## [Records provided]
--- START ---

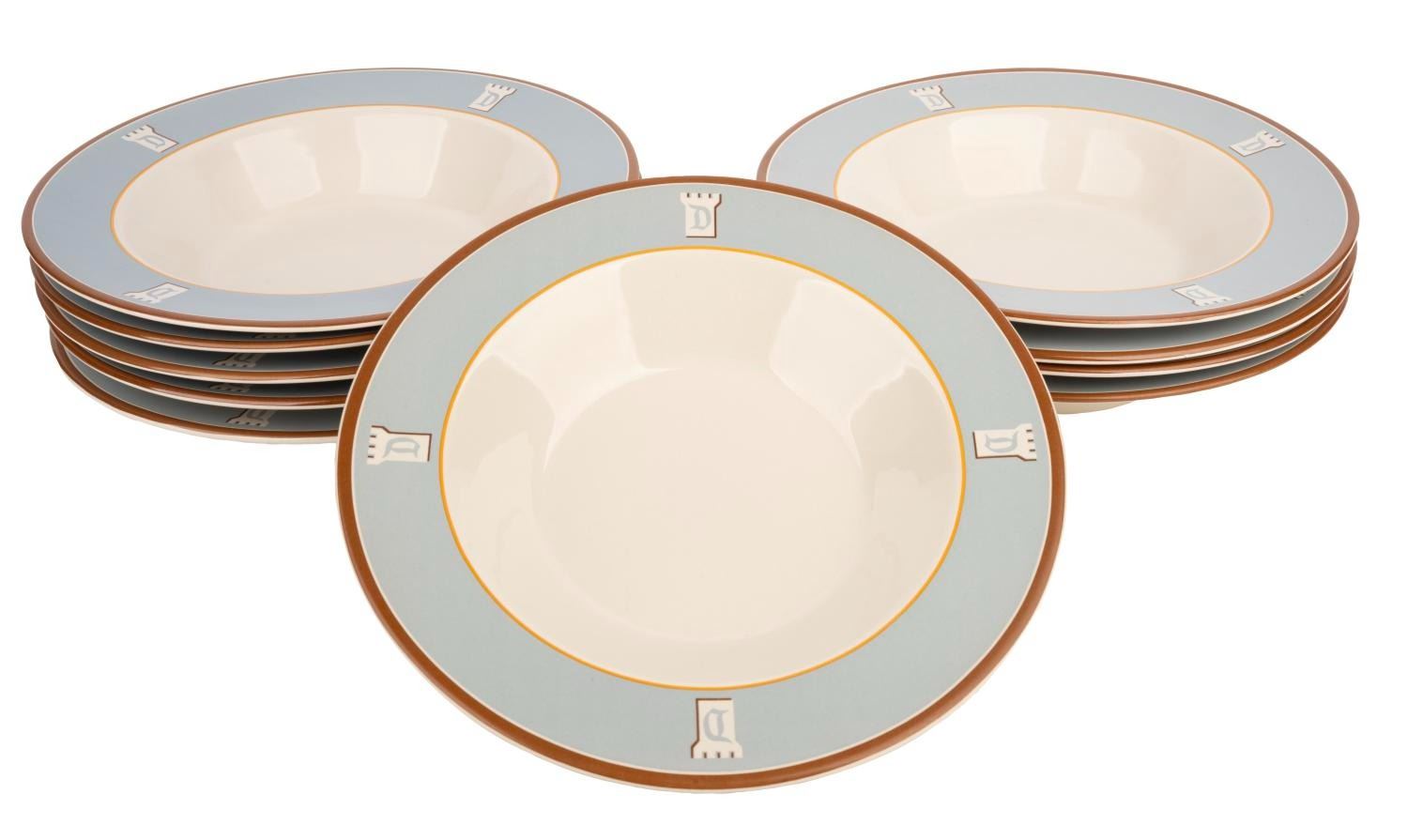 (Disneyland, 1980s-90s) A set of ten Disneyland bowls decorated with a two-color Disneyland marquee. Measuring 9" in diameter, this dishware is in very good condition with minor wear.
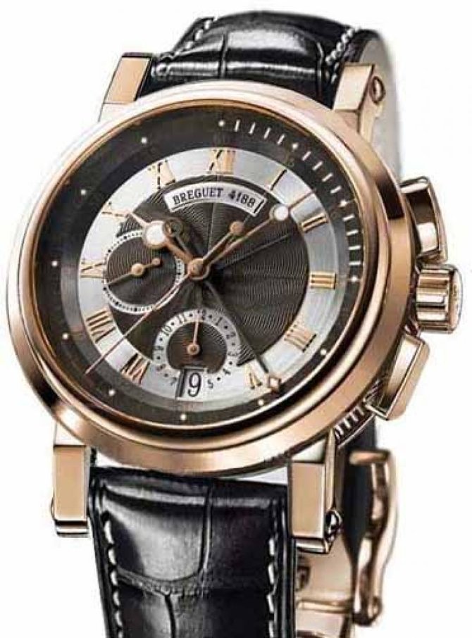 Линия Marine воплощает традиционные ценности часового дела, которые получили новую интерпретацию благодаря мастерам Breguet, создавшим более современные, более молодежные и удобные часы. Линия Marine, прямая наследница часов, разработанных А Л. Бреге для Королевского Флота, отвечает всем требованиям сегодняшнего дня. Благодаря солидной конструкции, прочному корпусу и защищенной заводной головке эти элегантные и одновременно спортивные часы, выполненные с исключительным изяществом, можно носить в любых обстоятельствах. Хронограф Marine из 18-каратного розового золота. Автоматический механизм. Циферблат из 18-каратного золота с черным родиевым покрытием и гильошированным вручную волнообразным узором. Часовая шкала с римскими цифрами, минутная шкала с арабскими цифрами, 15-минутный сектор и люминесцентные метки. Суммирующий счетчик минут и секунд хронографа в центре. 12-часовой счетчик и указатель даты в положении "6 часов". Малая секундная стрелка в положении "9 часов". Запас хода 48 часов. Задняя крышка из сапфирового стекла. Водонепроницаемость до 100 м. Кожаный ремешок с браслетной застежкой.
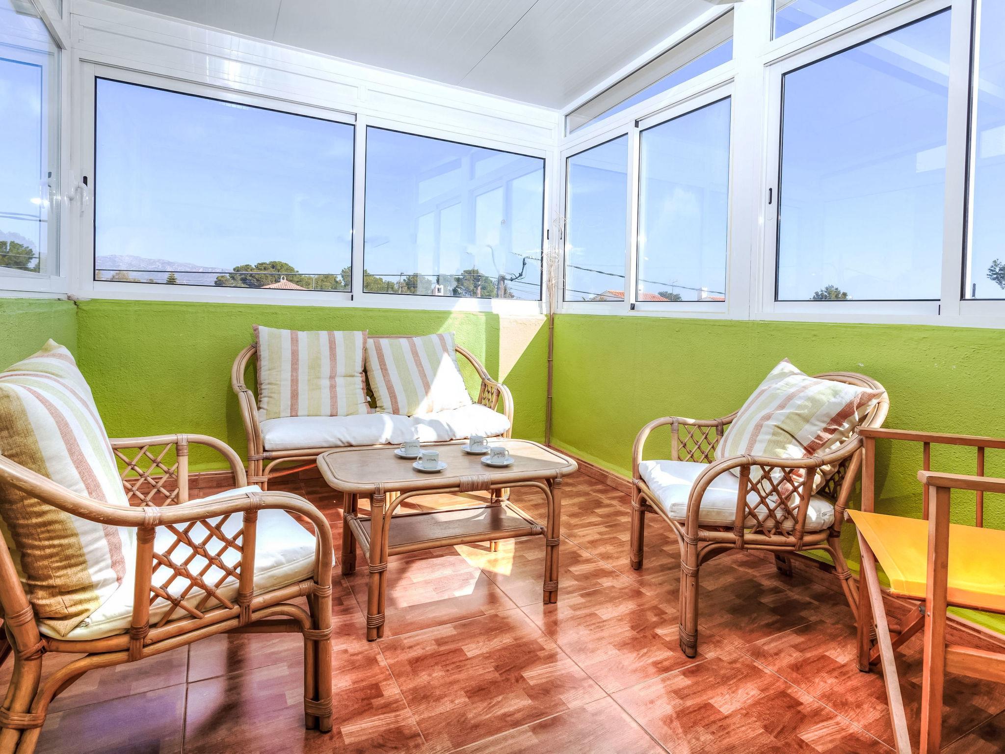 "Villa Palmera II", 4-room villa 105 m2 on 2 levels. Practical and cosy furnishings: living/dining room with dining table and digital TV. 1 room with 1 french bed (135 cm). Kitchen (oven, 4 ceramic glass hob hotplates, toaster, microwave, electric coffee machine). Shower/WC. Air-conditioning. No heating option. Upper floor: 1 room with 1 french bed (135 cm). 1 room with 2 beds (90 cm). Shower/bidet/WC. Patio. Terrace furniture, barbecue. Facilities: washing machine, iron, hair dryer. Internet (WiFi, free). HUTTE-000679 // Reg. Nr.: ESFCTU0000430200000766330000000000000000HUTTE-0006795
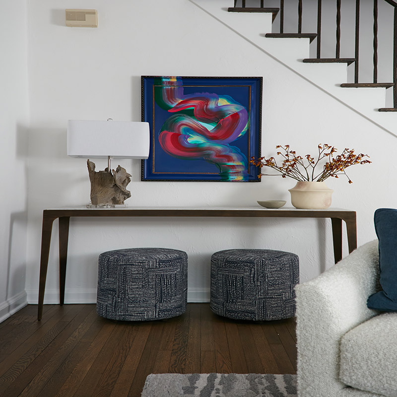 Designer Liz Curry made every space count when updating this home in Millburn. The sleek and modern Hancock table by Vanguard Furniture already gets some dressing up from a Surya driftwood lamp, but the Jesús Núñez abstract steals the show.
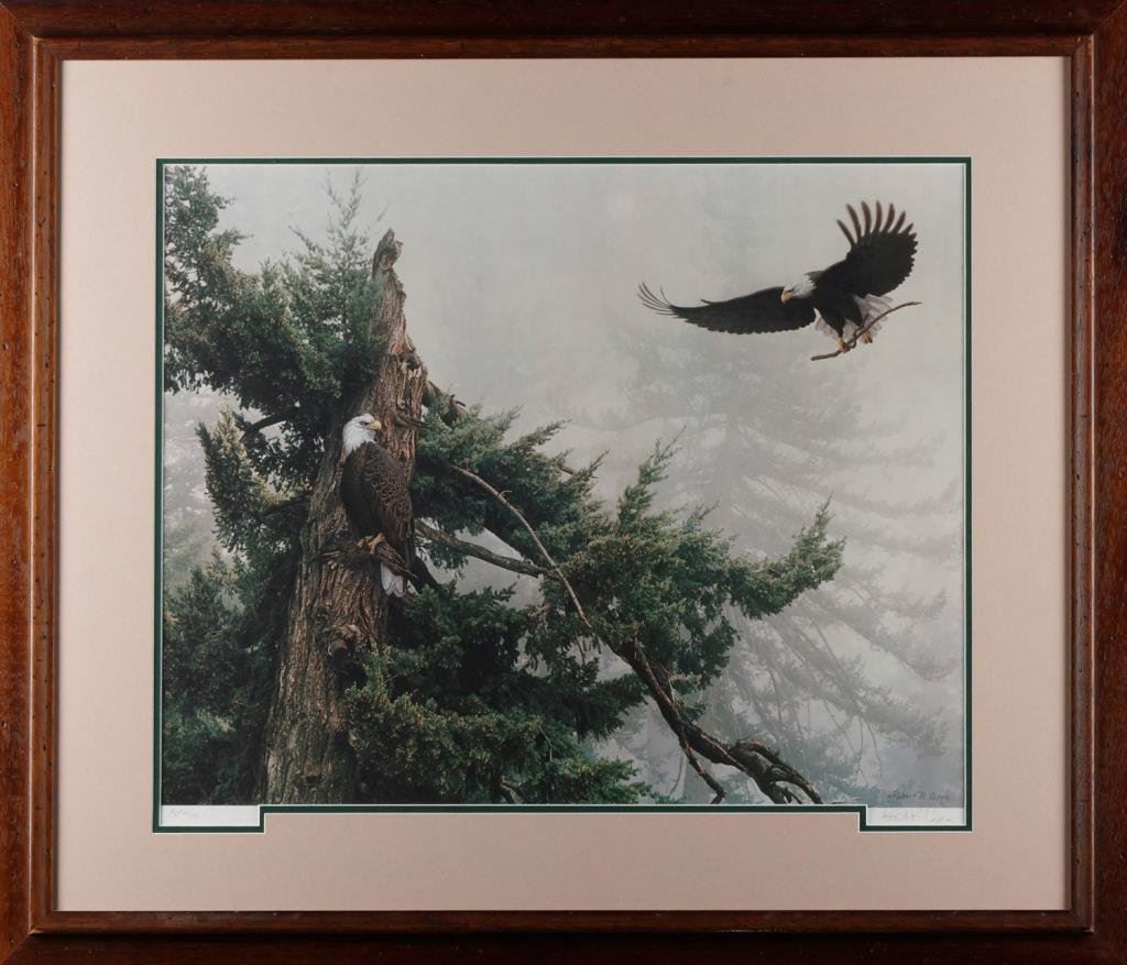 Large framed and expertly matted limited edition (66/98) Artist’s Proof, hand signed by Robert R. Copple (1963- ) of Bald Eagles, approximately 33” x 37” overall. Est.: $200-$400.
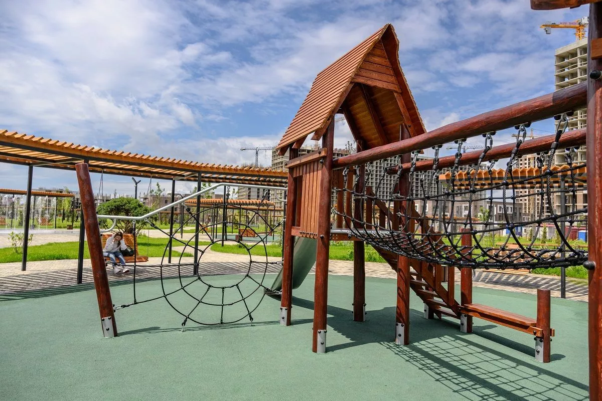Прогулявшись по всему «Флагманскому», мы оценили обустроенные аллеи, качество современного спортивного поля для футбола, баскетбола, волейбола и дорожки со специальным покрытием для бегунов и велосипедистов, восхитились наличием площадки для выгула собак и множеством детских игровых экогородков.
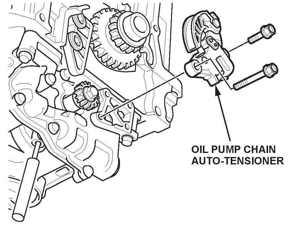 ^ Apply new engine oil to the threads of the oil pump sprocket mounting bolt, then install it and torque it to 44 N.m (33 lb-ft).
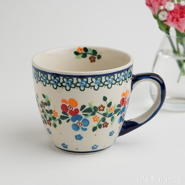 SPECIFICATION Size 飲み口φ8.5cm、H7.5cm Material ストーンウエア Volume 約:230ml(満水時) Function 電子レンジ、食器洗浄機 対応 Maker Millena社(ミレナ) Made in Poland Package この商品はボックス入りではありません。 COMMENT Polish Pottery ポーリッシュポタリー ポーランド陶器の特徴はなんと言ってもその可愛さ!とってもかわいく鮮やかな釉薬がたくさん使われて、手作りの磁器製品です。 素朴なフォルムが愛らしさの源です。飲み口から下に窄(すぼ)まったフォルムは、素朴で可愛らしい印象です。小さい頃に使っていた歯磨き用のコップってこんな形じゃなかったっけ、そんなノスタルジックな雰囲気があります。懐かしいようなホッとするような、心が温まる形だと思います。 ミレナらしいフェミニンな花柄。縁取りに使われているフリーハンドでのスケッチのような花柄のスタンプと、花々をつなぐ茎の曲線がとてもミレナらしい雰囲気を出しています。ブルーの小さな花を中心に5色の花々が散りばめられた愛らしいパターンデザインは、柔らかく優しい印象を与えてくれます。 ポーランドのかわいい伝統陶器(ポレスワヴィエツ陶器)はポーリッシュポタリーとも呼ばれ、ヨーロッパのみならずアメリカでもとても愛されております。そして、近年では日本でも親しまれつつあります。 ポーランドの陶器、「ボレスワヴィエツ陶器」とは、ポーランドの町の名前で、ドイツとチェコの国境に近いポーランド南西部にその小さな美しい町はあります。 この地域は陶器にとって良質な土壌に恵まれ、16世紀頃から陶器づくりが盛んに行なわれてきました。いくつもの工房があります。 ボレスワヴィエツ陶器は、すべて手作りのものです。絵付けは、スポンジのスタンプをひとつひとつ押していく方法が知られていますが、この作業はとても細かい作業です。 陶器の模様は本当にたくさん種類があります。それぞれの工房で様々な模様が生み出されています。 ボレスワヴィエツ陶器は、とても丈夫で、電子レンジ、オーブン、また食器洗浄機も使うことができます。普段の生活の中に溶け込みやすい、とても便利な陶器です。 見た目の可愛らしい魅力だけでなく、丈夫で日常使いに便利で、不思議と食卓で馴染むのです。カントリーティストの温か味と懐かしさが感じられます。 手作りで絵柄も多いので、必ずしも定期的に同じデザインが再入荷するとは限りません。一期一会の出会いを楽しんでいただけたらと思います。 REMARKS Quality 手作業の商品の為、破損、ヒビ割れ、鋭いバリ残以外は良品になります。 ピンホール、色塗装のチリ・汚れ、高台裏のカケ、塗装不均一などはメーカー良品基準内です。 良品のみをお届けしておりますので、輸送中の破損以外は、返品・交換には対応できません。 ご理解の上、お買い求めくださいませ。 こちらの商品はラッピングがお受けできない商品です。あらかじめご了承下さい。詳細はこちらポーランド陶器マグ新着! Entry:210828 2108 21sm 21 長期にわたる在庫切れが予想される商品はラインナップからのリンクが表示されない場合があります。 その場合にはまことに恐れ入りますが、ブラウザの「戻る」でお戻りください。 ポーランド陶器マグのフルラインナップは こちらから
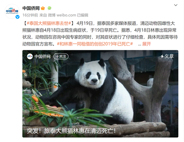 突然!旅泰大熊猫林惠死亡:昨天直播时就已出血 国内网友急了
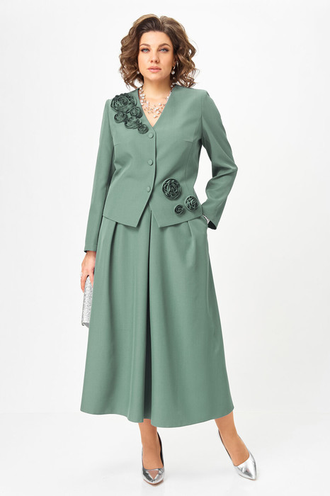 Элегантный юбочный костюм, стильный и универсальный наряд для торжественных и праздничных мероприятий.  Обеспечит вашему образу максимум внимания и комплементов , благодаря безупречному подбору цвета и художественному оформлению цветочной аппликации ! Жакет с подкладкой по полочке , полуприлегающего силуэта с v образным вырезом , рукав втачной двух шовный . Юбка без подкладки,  на поясе  с боковыми резинками, расклешенного силуэта со складками по переду и боковыми карманами.

--- END ---

## [Instructions to follow]
All of the entries must be reproduced exactly, apart from the pictures, which are to be dropped.

## [Response to this task]
 (Disneyland, 1980s-90s) A set of ten Disneyland bowls decorated with a two-color Disneyland marquee. Measuring 9" in diameter, this dishware is in very good condition with minor wear.
 Линия Marine воплощает традиционные ценности часового дела, которые получили новую интерпретацию благодаря мастерам Breguet, создавшим более современные, более молодежные и удобные часы. Линия Marine, прямая наследница часов, разработанных А Л. Бреге для Королевского Флота, отвечает всем требованиям сегодняшнего дня. Благодаря солидной конструкции, прочному корпусу и защищенной заводной головке эти элегантные и одновременно спортивные часы, выполненные с исключительным изяществом, можно носить в любых обстоятельствах. Хронограф Marine из 18-каратного розового золота. Автоматический механизм. Циферблат из 18-каратного золота с черным родиевым покрытием и гильошированным вручную волнообразным узором. Часовая шкала с римскими цифрами, минутная шкала с арабскими цифрами, 15-минутный сектор и люминесцентные метки. Суммирующий счетчик минут и секунд хронографа в центре. 12-часовой счетчик и указатель даты в положении "6 часов". Малая секундная стрелка в положении "9 часов". Запас хода 48 часов. Задняя крышка из сапфирового стекла. Водонепроницаемость до 100 м. Кожаный ремешок с браслетной застежкой.
 "Villa Palmera II", 4-room villa 105 m2 on 2 levels. Practical and cosy furnishings: living/dining room with dining table and digital TV. 1 room with 1 french bed (135 cm). Kitchen (oven, 4 ceramic glass hob hotplates, toaster, microwave, electric coffee machine). Shower/WC. Air-conditioning. No heating option. Upper floor: 1 room with 1 french bed (135 cm). 1 room with 2 beds (90 cm). Shower/bidet/WC. Patio. Terrace furniture, barbecue. Facilities: washing machine, iron, hair dryer. Internet (WiFi, free). HUTTE-000679 // Reg. Nr.: ESFCTU0000430200000766330000000000000000HUTTE-0006795
 Designer Liz Curry made every space count when updating this home in Millburn. The sleek and modern Hancock table by Vanguard Furniture already gets some dressing up from a Surya driftwood lamp, but the Jesús Núñez abstract steals the show.
 Large framed and expertly matted limited edition (66/98) Artist’s Proof, hand signed by Robert R. Copple (1963- ) of Bald Eagles, approximately 33” x 37” overall. Est.: $200-$400.
Прогулявшись по всему «Флагманскому», мы оценили обустроенные аллеи, качество современного спортивного поля для футбола, баскетбола, волейбола и дорожки со специальным покрытием для бегунов и велосипедистов, восхитились наличием площадки для выгула собак и множеством детских игровых экогородков.
 ^ Apply new engine oil to the threads of the oil pump sprocket mounting bolt, then install it and torque it to 44 N.m (33 lb-ft).
 SPECIFICATION Size 飲み口φ8.5cm、H7.5cm Material ストーンウエア Volume 約:230ml(満水時) Function 電子レンジ、食器洗浄機 対応 Maker Millena社(ミレナ) Made in Poland Package この商品はボックス入りではありません。 COMMENT Polish Pottery ポーリッシュポタリー ポーランド陶器の特徴はなんと言ってもその可愛さ!とってもかわいく鮮やかな釉薬がたくさん使われて、手作りの磁器製品です。 素朴なフォルムが愛らしさの源です。飲み口から下に窄(すぼ)まったフォルムは、素朴で可愛らしい印象です。小さい頃に使っていた歯磨き用のコップってこんな形じゃなかったっけ、そんなノスタルジックな雰囲気があります。懐かしいようなホッとするような、心が温まる形だと思います。 ミレナらしいフェミニンな花柄。縁取りに使われているフリーハンドでのスケッチのような花柄のスタンプと、花々をつなぐ茎の曲線がとてもミレナらしい雰囲気を出しています。ブルーの小さな花を中心に5色の花々が散りばめられた愛らしいパターンデザインは、柔らかく優しい印象を与えてくれます。 ポーランドのかわいい伝統陶器(ポレスワヴィエツ陶器)はポーリッシュポタリーとも呼ばれ、ヨーロッパのみならずアメリカでもとても愛されております。そして、近年では日本でも親しまれつつあります。 ポーランドの陶器、「ボレスワヴィエツ陶器」とは、ポーランドの町の名前で、ドイツとチェコの国境に近いポーランド南西部にその小さな美しい町はあります。 この地域は陶器にとって良質な土壌に恵まれ、16世紀頃から陶器づくりが盛んに行なわれてきました。いくつもの工房があります。 ボレスワヴィエツ陶器は、すべて手作りのものです。絵付けは、スポンジのスタンプをひとつひとつ押していく方法が知られていますが、この作業はとても細かい作業です。 陶器の模様は本当にたくさん種類があります。それぞれの工房で様々な模様が生み出されています。 ボレスワヴィエツ陶器は、とても丈夫で、電子レンジ、オーブン、また食器洗浄機も使うことができます。普段の生活の中に溶け込みやすい、とても便利な陶器です。 見た目の可愛らしい魅力だけでなく、丈夫で日常使いに便利で、不思議と食卓で馴染むのです。カントリーティストの温か味と懐かしさが感じられます。 手作りで絵柄も多いので、必ずしも定期的に同じデザインが再入荷するとは限りません。一期一会の出会いを楽しんでいただけたらと思います。 REMARKS Quality 手作業の商品の為、破損、ヒビ割れ、鋭いバリ残以外は良品になります。 ピンホール、色塗装のチリ・汚れ、高台裏のカケ、塗装不均一などはメーカー良品基準内です。 良品のみをお届けしておりますので、輸送中の破損以外は、返品・交換には対応できません。 ご理解の上、お買い求めくださいませ。 こちらの商品はラッピングがお受けできない商品です。あらかじめご了承下さい。詳細はこちらポーランド陶器マグ新着! Entry:210828 2108 21sm 21 長期にわたる在庫切れが予想される商品はラインナップからのリンクが表示されない場合があります。 その場合にはまことに恐れ入りますが、ブラウザの「戻る」でお戻りください。 ポーランド陶器マグのフルラインナップは こちらから
 突然!旅泰大熊猫林惠死亡:昨天直播时就已出血 国内网友急了
 Элегантный юбочный костюм, стильный и универсальный наряд для торжественных и праздничных мероприятий.  Обеспечит вашему образу максимум внимания и комплементов , благодаря безупречному подбору цвета и художественному оформлению цветочной аппликации ! Жакет с подкладкой по полочке , полуприлегающего силуэта с v образным вырезом , рукав втачной двух шовный . Юбка без подкладки,  на поясе  с боковыми резинками, расклешенного силуэта со складками по переду и боковыми карманами.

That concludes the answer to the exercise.